Bemis curator Hesse McGraw, who’s worked at galleries in New York City and Kansas City, Mo., said, “What distinguishes the Bemis Center from other arts institutions is that what drives it is the activity of artists and the work they’re doing right now. We really try to think of it as a laboratory for artists. The residency program is focused on supporting an open process.”

McGraw, who curates shows in the center’s three main galleries, said, “The exhibition program tries to carry that sensibility through to the presentation of the work.” He said the Bemis encourages artists to do what they couldn’t do in a different context or setting. “We really try to find ways of supporting them, whether curatorially, logistically, financially, to build-out projects significant in their career and in their practice.”

All this creativity brings a dynamic energy to the space and to the community, challenging the status quo and thereby enriching viewers.

“It’s an expression of this attitude about finding new ways and having the ability to look at things differently,” Masouka said. “Artists see things differently, they look at possibilities other people don’t see, and through that you increase the imagination about what is possible. Programs like the Bemis Center support individual artists, nurture creativity, but also really showcase the value of what artists bring to our society.”

The Bemis is intentional in fostering artist-led discussion through events like its First Thursday ArtTalk lecture series and cutting-edge exhibitions.

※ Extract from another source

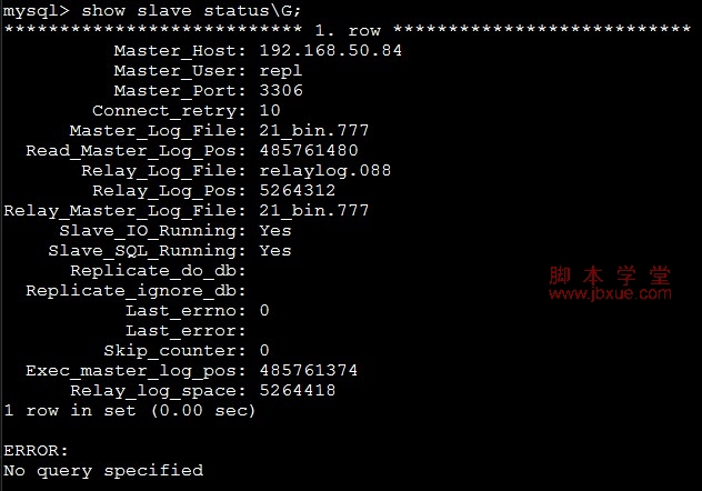Slave_SQL_Running: Yes Master_Log_File: bin-log.003 Relay_Master_Log_File: bin-log.003 Read_Master_Log_Pos: 4 Exec_master_log_pos: 4 Seconds_Behind_Master: 0(5.0之前版本没有这个选项) 以上选项是两两对应的,只要结果是一致的,就说明主从同步成功。

“The exhibition program is an opportunity to have conversations and dialogue with the public about contemporary art and its relationship to anything in public life or the city or a myriad of social and cultural issues,” said McGraw.

The current Hopey Changey Things group show (through Sept. 4) is an ironic riff on American society as expressed in photographs, videos and installations. McGraw said pieces variously posit an apocalyptic vision for wiping the slate clean, an absurdist’s view of our current cultural moment and a radical pragmatism for reinventing places.

“I think things we’re particularly excited about now are artists working across disciplines and at some level of social engagement,” he said. “I feel like it empowers audiences to think about contemporary life.” Always, he said, the Bemis looks “at how can we utilize the projects to create a perpetual sense of surprise” within the “intensive introspection and ecstatic spectacle” of contemporary art.

A venue for doing that is the Bemis Underground, a subterranean but warm space connecting local and visiting artists with each other and with the community via exhibitions, talks, art trivia quizzes and even potluck suppers. “It sort of ties everything together,” said manager Brigitte McQueen. “It’s very welcoming down here. The openings have huge traffic.”

Together with the adjacent Kaneko – Open Space for Your Mind and nearby studios, galleries and theaters, the Bemis Center continues being a mainstay in the Old Market art scene.